#### Data to examine:
- - -
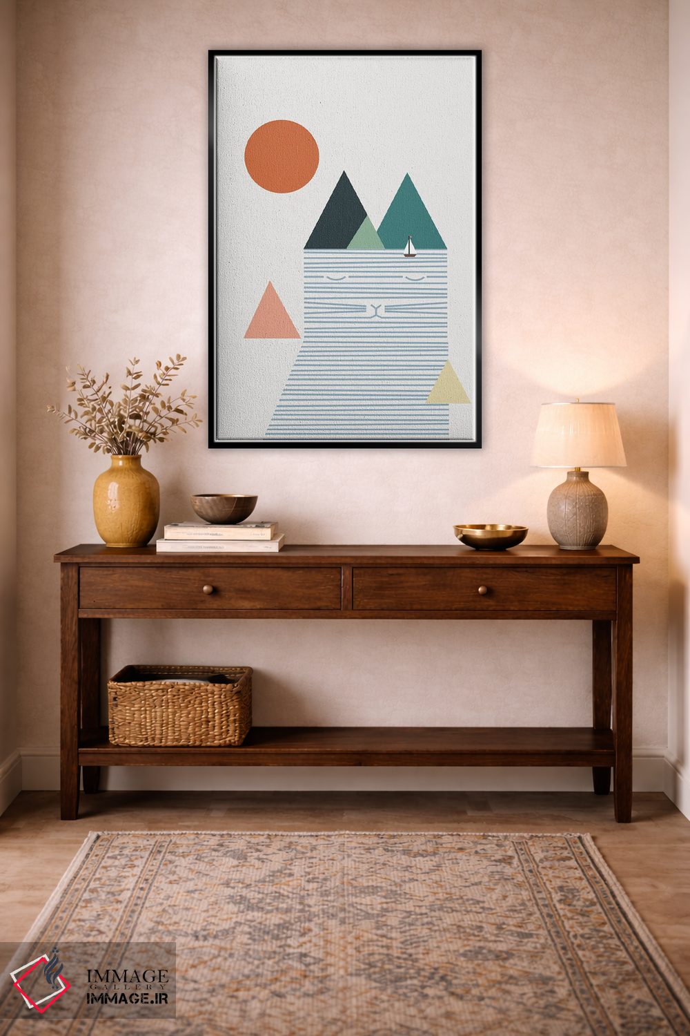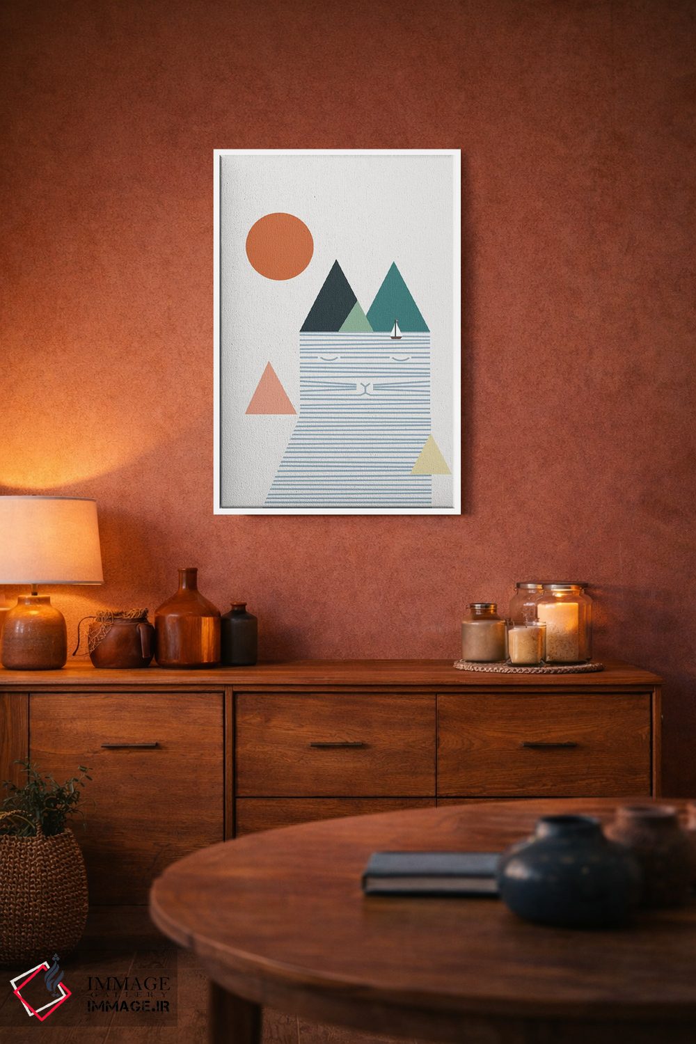 براساس پالت ترکیبی اثر، قاب تیک گرم (چوبی) پیشنهاد اول است و مشکی مات (فریم متوسط) مکمل. برای سفارشهای پروژهای با ابعاد و قابهای اختصاصی با ایماژ در تماس باشید.
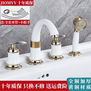 分体入墙式 抽拉洗脸盆水龙头冷热四件套三孔面盆洗手盆台池浴室柜
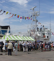 「すずか」見学で行列する市民(みなとフェスティバルで)
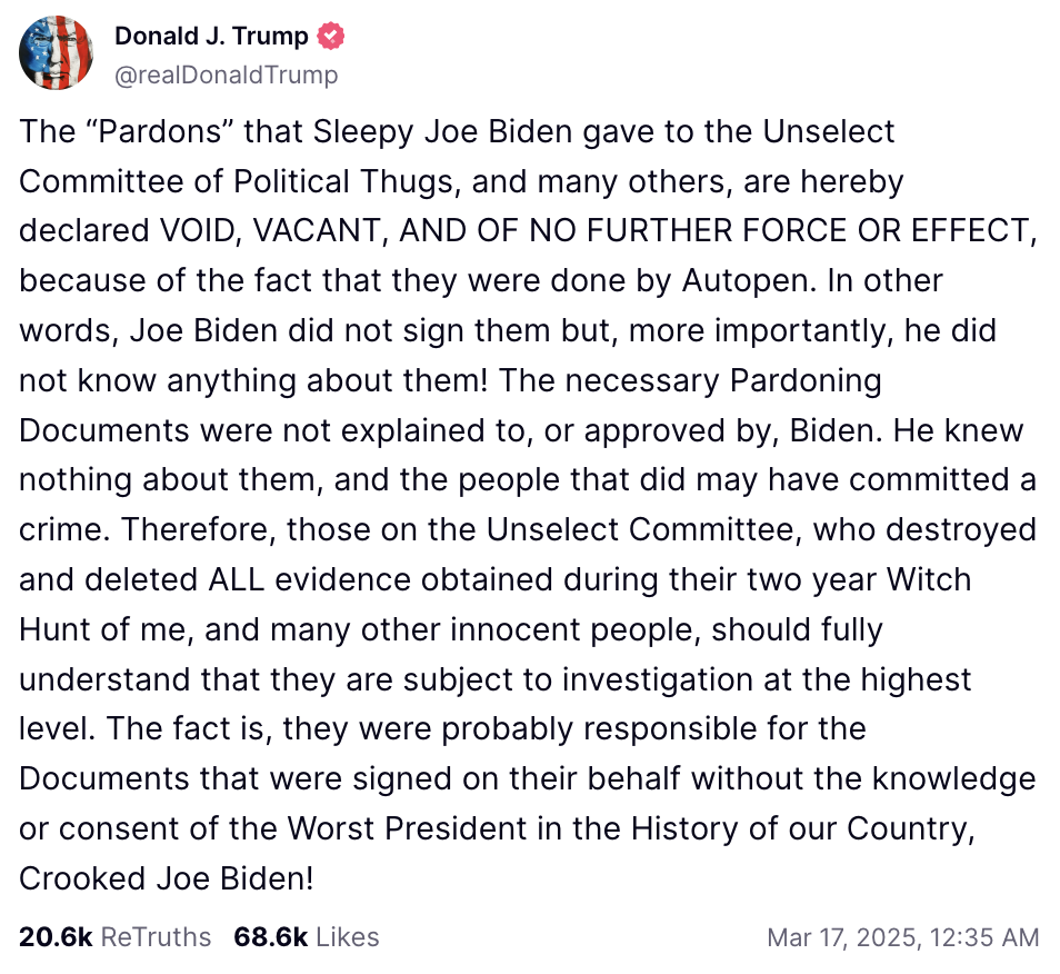 Essentially, Trump is making two claims. First, he says Biden didn’t even sign the pardons himself, but instead used a device called an autopen.
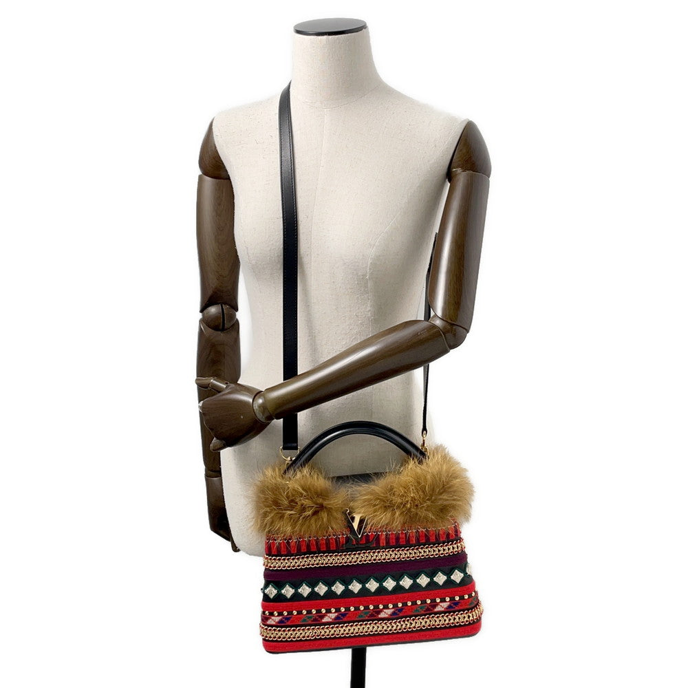 LOUIS VUITTON Capucines Noir/Red/Multicolor Leather Fur
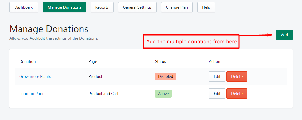 If you want to add the multiple donations on the store then you have to upgrade the plan to **Pro.** Once you upgrade the plan then you will able to add the multiple donations from app settings under donations menu.
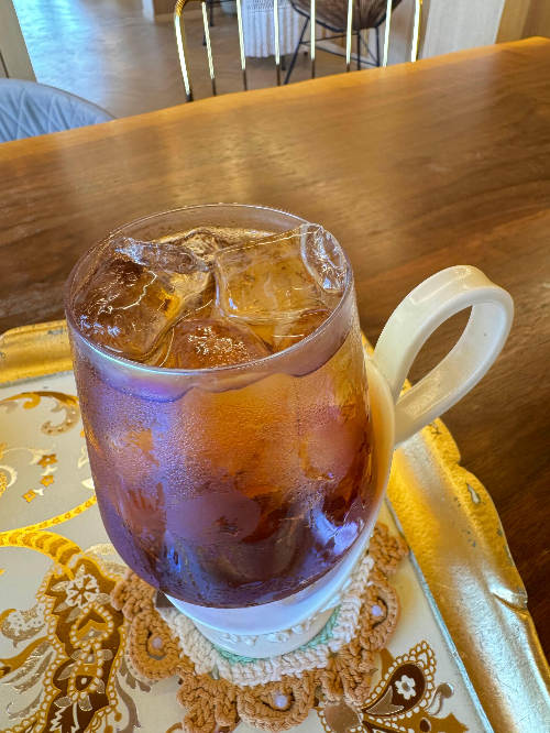 유럽 도자기처럼 엔틱 하며 우아한 느낌으로 디저트를 먹을 수 있었어요.
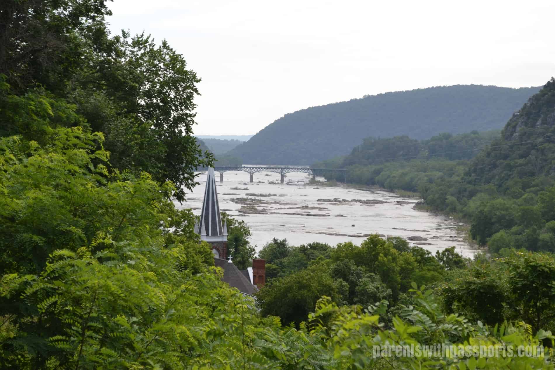 We arrived on a Saturday evening and stayed at a Hampton Inn in the neighboring town of Charles Town. Because it is a national historic site, there are only 2 hotels actually in Harpers Ferry, and they didn’t seem like anything to write home about. Charles Town was super close by, had a variety of hotels to choose from, and offered many different restaurant options as well. (It also has a casino but that didn’t really fit into our family-friendly trip planning.)
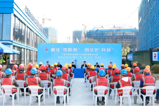 “普法先行,杜絕欠薪,讓農民工勞有所得!”近日,普法“零距離”用法護“民薪”|工地欠薪普法宣傳與法律咨詢服務活動在浦南未來學校項目部開展。臨浦鎮黨委委員、副鎮長徐瑋韜,蕭山區教育局、浙江省三建建設集團、蕭山城區建設、鎮勞動保障站相關負責人,項目建筑工人等參加。
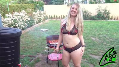 This blonde is fucked by his dick as he is rock solid for her fat ass while in front of the webcam
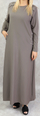 Robe longue boutonnée avec ceinture et broderies - Couleur gris (Vêtements islamiques pour femmes musulmanes voilées) - REF. 32583 (49.90 €)
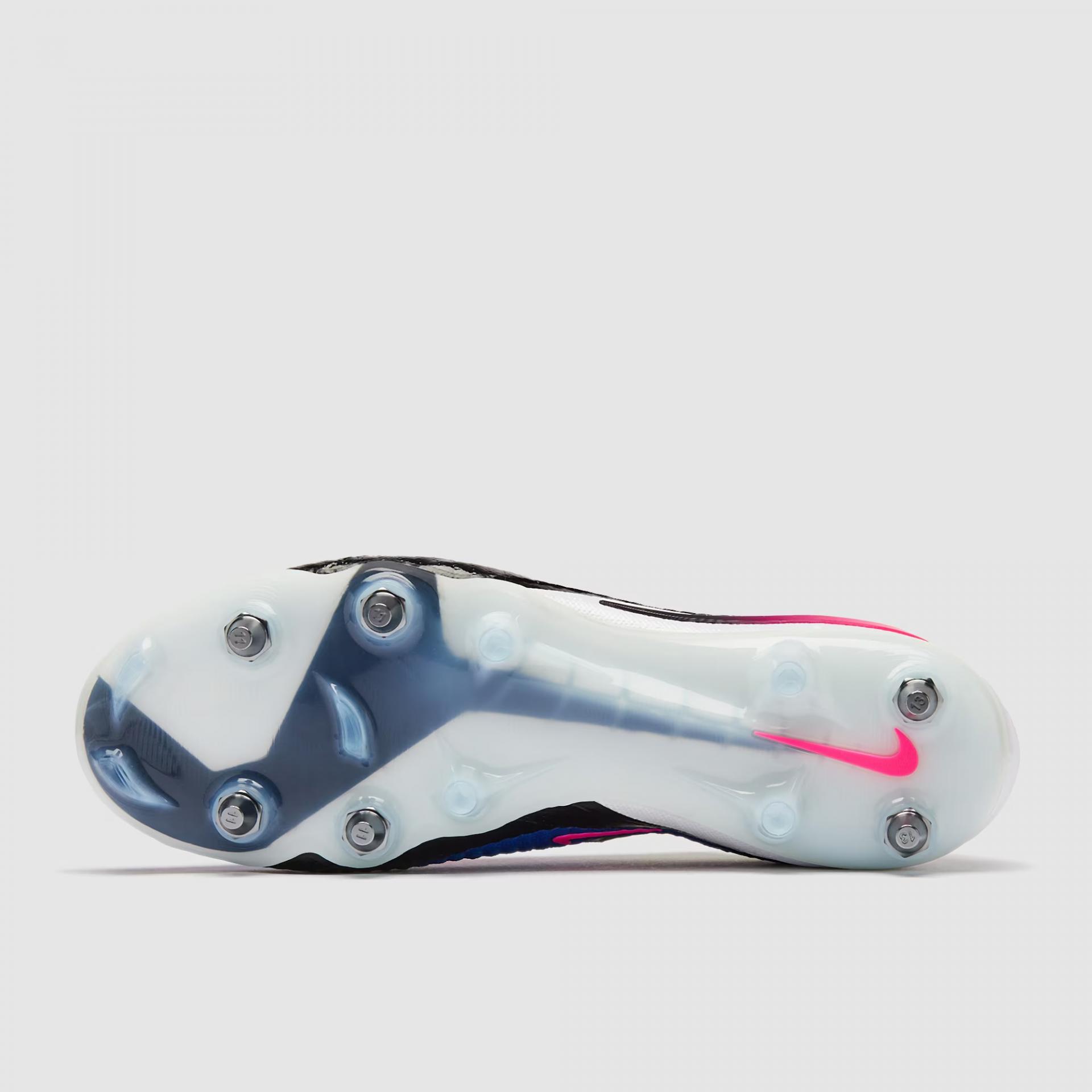 Bota de fútbol Nike Phantom 6 High Elite SG-Pro para adultos. Botas de gama alta con tobillera para jugadores de control y precisión en color Racer Blue-Pink Blast-White para utilizar en campos de hierba natural húmeda.
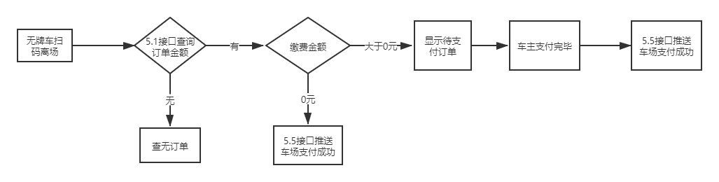 3、無牌車離場:泊鏈廠商后臺生成對應(yīng)離場通道二維碼,車主用入場掃碼用的軟件掃碼,泊鏈會推送消息到管理對應(yīng)出口通道的電腦上請求離場結(jié)算,如無需繳費會自動放行,如需繳費車主支付完對應(yīng)費用,泊鏈通知車場放行。
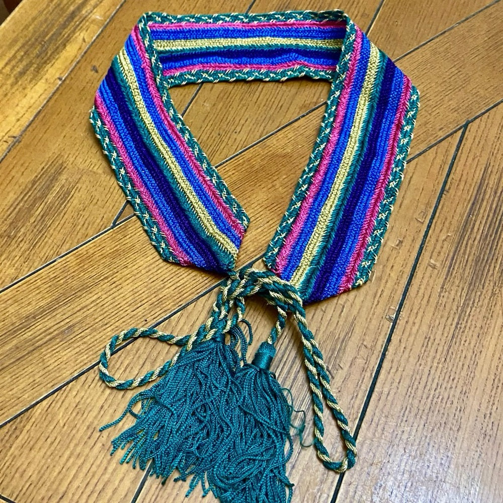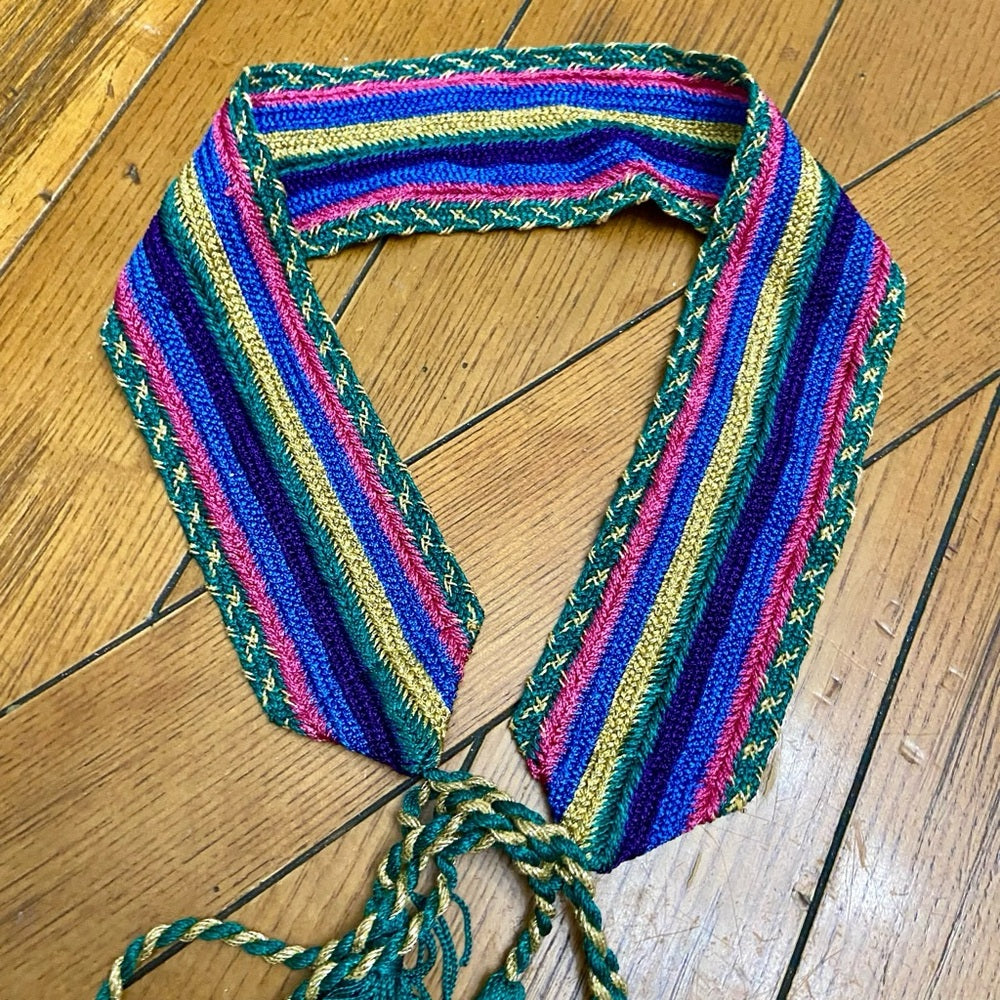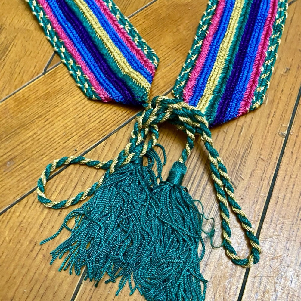 Belt: Multi-color Corded Belt: 28in x 2.5in; 20in fringes
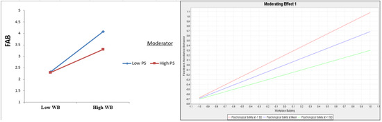 Finally, our PLS-SEM results confirmed the moderation impact of PS on the links between WB and FAB (H5) and also on the links between FAB and EWB (H6). In the health promotion literature, scholars generally endorse psychological safety (PS) as an approach to support EWB [56,57]. Employees who perceive heightened levels of PS can better determine the most suitable available coping strategy to reach a high level of EWB [55,91]. Therefore, a PS climate is predicted to promote increased levels of EWB compared to an unsafe work environment since PS makes employees feel comfortable and unrestricted from external controls or restrictions and engages them in more positive behavior [92,93]. Accordingly, the PS variable succeeded in alleviating (moderating) the positive relationship of the WB toward FAB and the negative linkage of the FAB toward EWB. Managers must confront WB behaviors to reduce FABs to improve EWB. Improving the PS climate can be used in this task to alleviate the negative consequences.
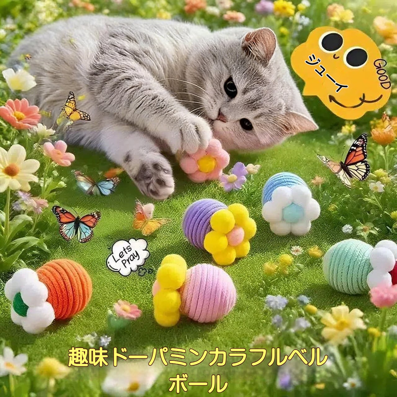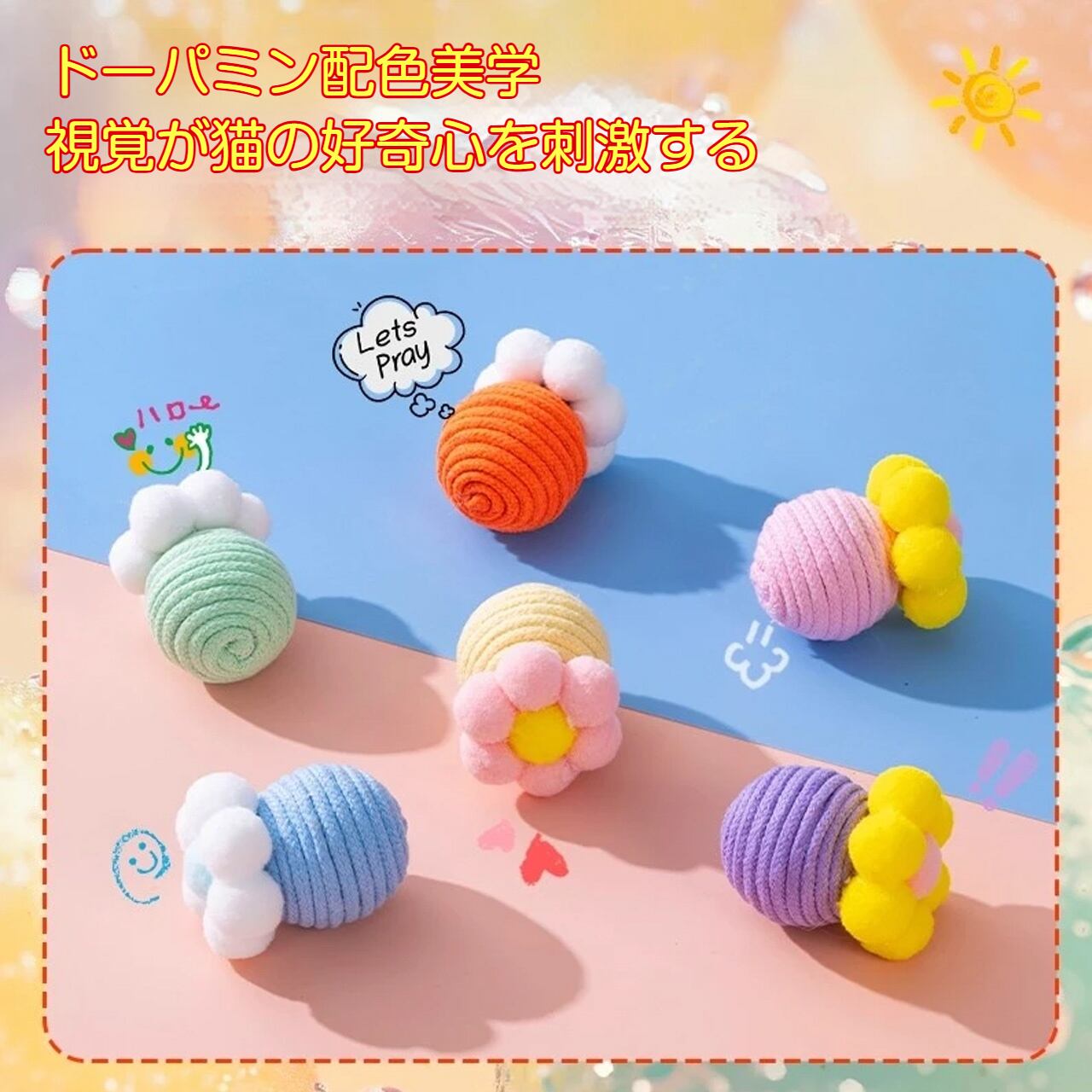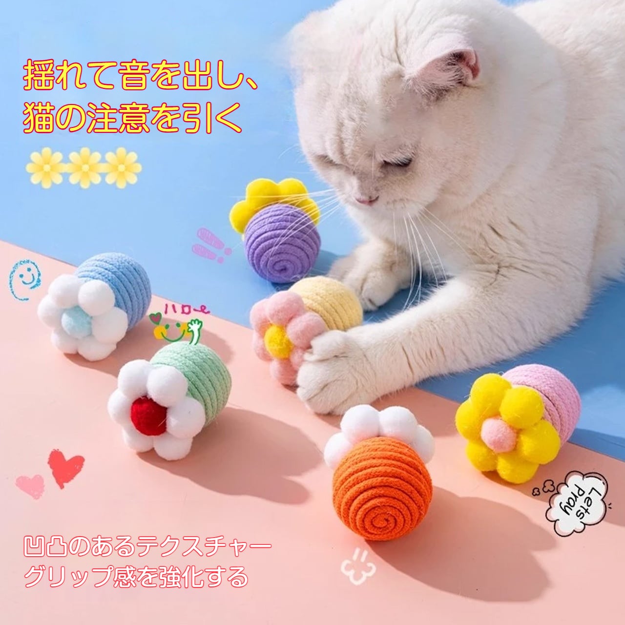 カラフルなコットンロープが視覚的に猫の興味を惹き、内蔵されたベルが転がるたびに爽やかな音を発して、単独でも長時間遊べる自嗨おもちゃです。
- - -
Beginning with the line that contains "This blonde is" and ending with the last line of the entries above, repeat each line exactly, but not the pictures.

#### Task output:
 This blonde is fucked by his dick as he is rock solid for her fat ass while in front of the webcam
 Robe longue boutonnée avec ceinture et broderies - Couleur gris (Vêtements islamiques pour femmes musulmanes voilées) - REF. 32583 (49.90 €)
 Bota de fútbol Nike Phantom 6 High Elite SG-Pro para adultos. Botas de gama alta con tobillera para jugadores de control y precisión en color Racer Blue-Pink Blast-White para utilizar en campos de hierba natural húmeda.
 3、無牌車離場:泊鏈廠商后臺生成對應(yīng)離場通道二維碼,車主用入場掃碼用的軟件掃碼,泊鏈會推送消息到管理對應(yīng)出口通道的電腦上請求離場結(jié)算,如無需繳費會自動放行,如需繳費車主支付完對應(yīng)費用,泊鏈通知車場放行。
 Belt: Multi-color Corded Belt: 28in x 2.5in; 20in fringes
 Finally, our PLS-SEM results confirmed the moderation impact of PS on the links between WB and FAB (H5) and also on the links between FAB and EWB (H6). In the health promotion literature, scholars generally endorse psychological safety (PS) as an approach to support EWB [56,57]. Employees who perceive heightened levels of PS can better determine the most suitable available coping strategy to reach a high level of EWB [55,91]. Therefore, a PS climate is predicted to promote increased levels of EWB compared to an unsafe work environment since PS makes employees feel comfortable and unrestricted from external controls or restrictions and engages them in more positive behavior [92,93]. Accordingly, the PS variable succeeded in alleviating (moderating) the positive relationship of the WB toward FAB and the negative linkage of the FAB toward EWB. Managers must confront WB behaviors to reduce FABs to improve EWB. Improving the PS climate can be used in this task to alleviate the negative consequences.
 カラフルなコットンロープが視覚的に猫の興味を惹き、内蔵されたベルが転がるたびに爽やかな音を発して、単独でも長時間遊べる自嗨おもちゃです。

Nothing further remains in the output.